*WHAT THE EXERCISE ASKS:* Quote all of the data exactly as given. Skip every picture it contains.

---------- AVAILABLE DATA ----------

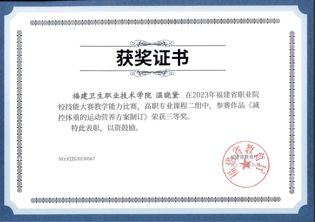 學院以現代大健康產業(yè)為核心,構建了專業(yè)群體系,并深入挖掘各專業(yè)的內在價值,塑造了“尚美行健、塑德啟智”的文化特色。學院創(chuàng)新性提出“三色光”建設工程,以黨建創(chuàng)新和隊伍建設為著力點,深化“紅色”精神引領鑄魂工程;以專業(yè)提升和成果培育為發(fā)力點,推進“綠色”守正創(chuàng)新融合工程;以人才培養(yǎng)和事業(yè)發(fā)展為落腳點,打造“藍色”整合優(yōu)化發(fā)展工程。近年來,學生榮獲全國職業(yè)院校技能大賽高職組健身指導比賽團體三等獎、全國大學生計算機應用能力與信息素養(yǎng)大賽一等獎、“挑戰(zhàn)杯”福建省創(chuàng)業(yè)計劃競賽銀獎、全國美容產教融合職業(yè)技能大賽二等獎、海峽兩岸暨港澳大學生職業(yè)技能大賽社群健康助理員三等獎、福建省職業(yè)院校技能大賽高職組健康與社會照護二等獎,“筑夢健康”實踐隊入選鄉(xiāng)村振興“篤行計劃”專項行動全國示范性團隊等。
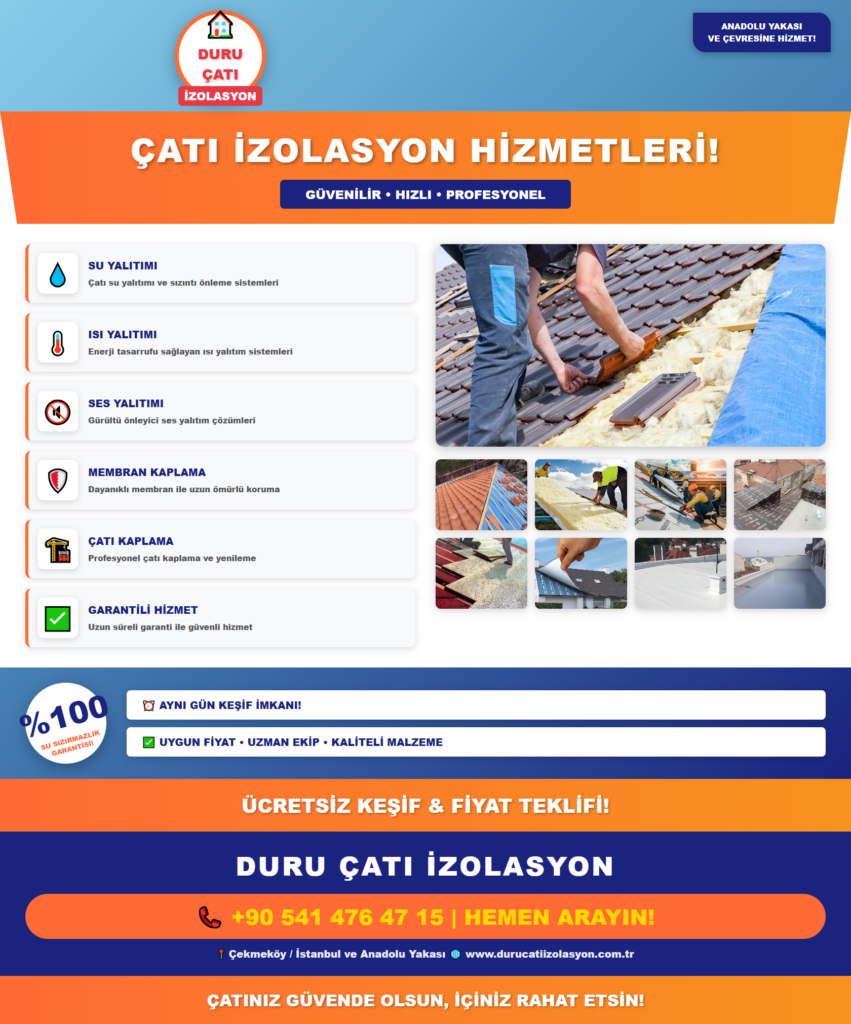 Üsküdar Çatı İzolasyon Ustası: 10 Yıl Garantili Su Yalıtımı Hizmeti Üsküdar’da yaşıyorsanız ve çatınızda su sızıntısı, nem problemi veya yalıtım sorunu yaşıyorsanız, doğru adrestesiniz. Üsküdar çatı izolasyon ustası olarak, 10 yılı aşkın deneyimimiz ve uzman ekibimizle profesyonel çatı su yalıtımı ve ısı yalıtımı hizmetleri sunuyoruz. Çatı izolasyonu, evinizin en kritik koruma sistemlerinden biridir ve doğru […]
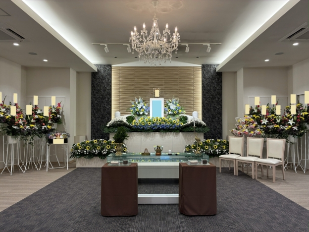 多くの方々の参列を想定し、式場は広々とした空間を保てるように式前焼香のお時間では椅子を一度撤去させていただきました。
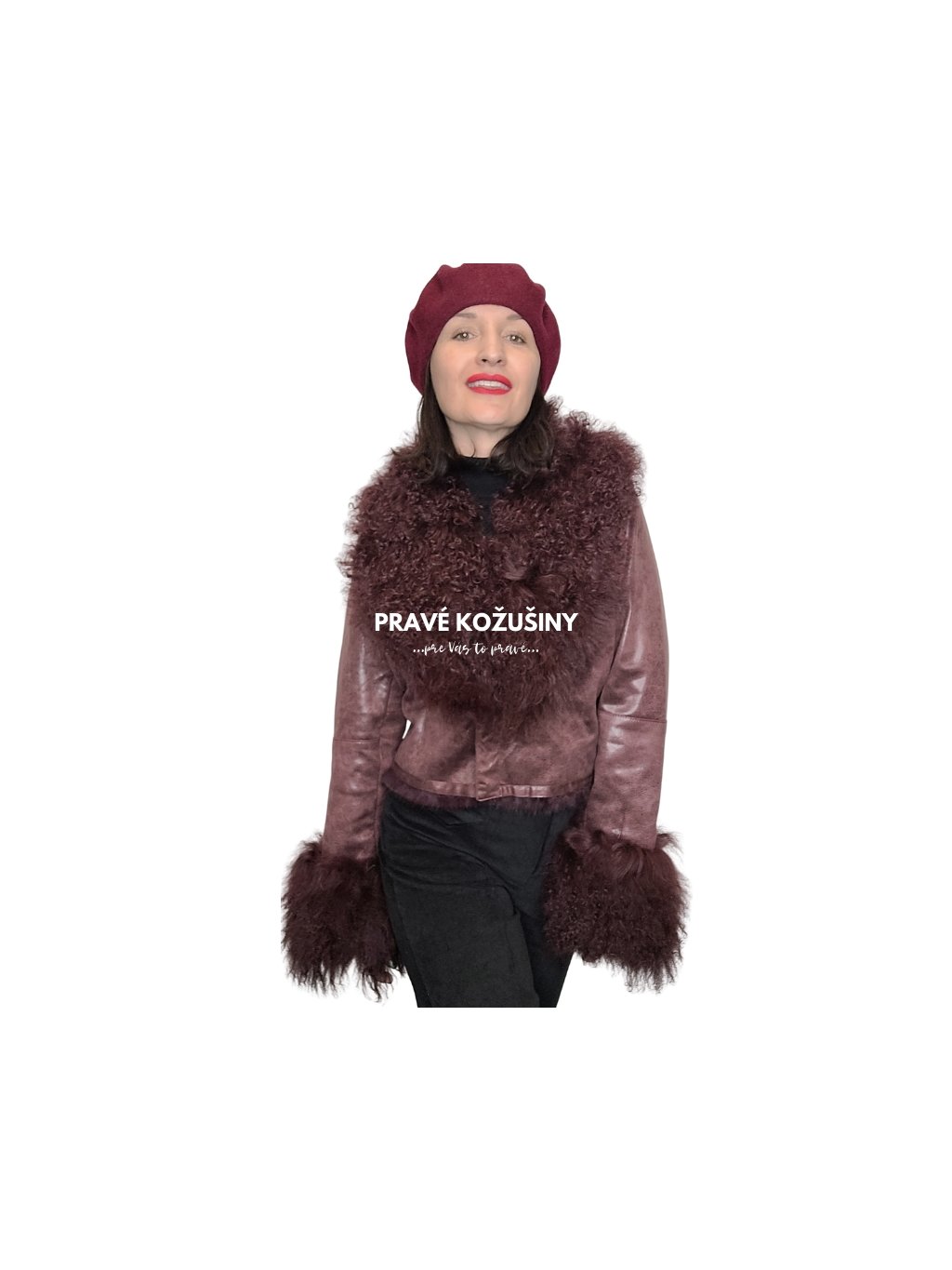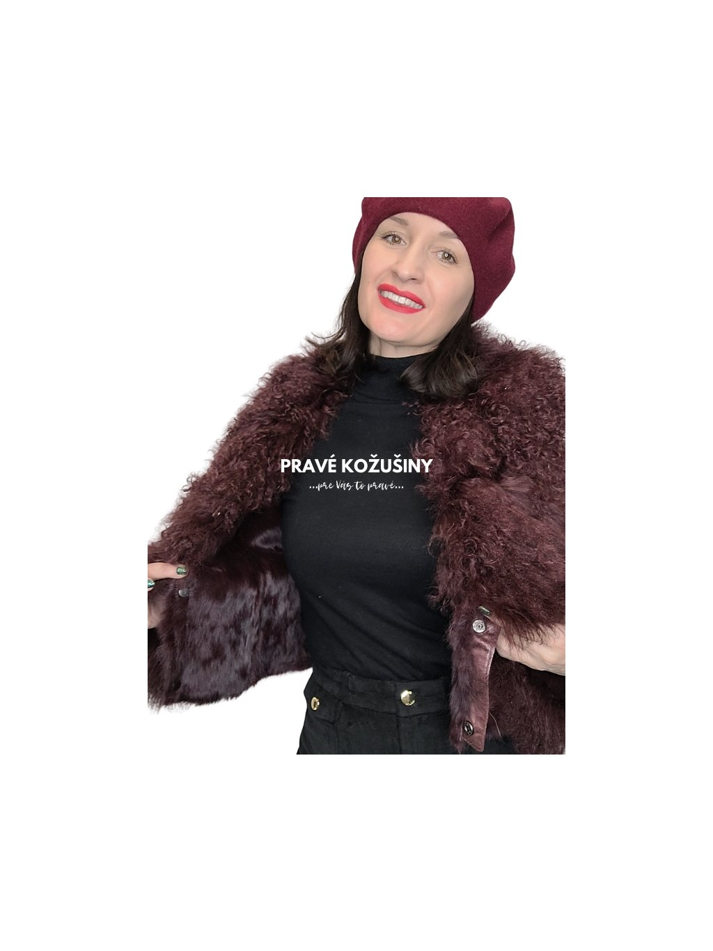 Bordový semišový kožúšok s mongolskou ovcou-zvnútra králik, K309

----------

*RESPONSE TO THE TASK:*
 學院以現代大健康產業(yè)為核心,構建了專業(yè)群體系,并深入挖掘各專業(yè)的內在價值,塑造了“尚美行健、塑德啟智”的文化特色。學院創(chuàng)新性提出“三色光”建設工程,以黨建創(chuàng)新和隊伍建設為著力點,深化“紅色”精神引領鑄魂工程;以專業(yè)提升和成果培育為發(fā)力點,推進“綠色”守正創(chuàng)新融合工程;以人才培養(yǎng)和事業(yè)發(fā)展為落腳點,打造“藍色”整合優(yōu)化發(fā)展工程。近年來,學生榮獲全國職業(yè)院校技能大賽高職組健身指導比賽團體三等獎、全國大學生計算機應用能力與信息素養(yǎng)大賽一等獎、“挑戰(zhàn)杯”福建省創(chuàng)業(yè)計劃競賽銀獎、全國美容產教融合職業(yè)技能大賽二等獎、海峽兩岸暨港澳大學生職業(yè)技能大賽社群健康助理員三等獎、福建省職業(yè)院校技能大賽高職組健康與社會照護二等獎,“筑夢健康”實踐隊入選鄉(xiāng)村振興“篤行計劃”專項行動全國示范性團隊等。
 Üsküdar Çatı İzolasyon Ustası: 10 Yıl Garantili Su Yalıtımı Hizmeti Üsküdar’da yaşıyorsanız ve çatınızda su sızıntısı, nem problemi veya yalıtım sorunu yaşıyorsanız, doğru adrestesiniz. Üsküdar çatı izolasyon ustası olarak, 10 yılı aşkın deneyimimiz ve uzman ekibimizle profesyonel çatı su yalıtımı ve ısı yalıtımı hizmetleri sunuyoruz. Çatı izolasyonu, evinizin en kritik koruma sistemlerinden biridir ve doğru […]
 多くの方々の参列を想定し、式場は広々とした空間を保てるように式前焼香のお時間では椅子を一度撤去させていただきました。
 Bordový semišový kožúšok s mongolskou ovcou-zvnútra králik, K309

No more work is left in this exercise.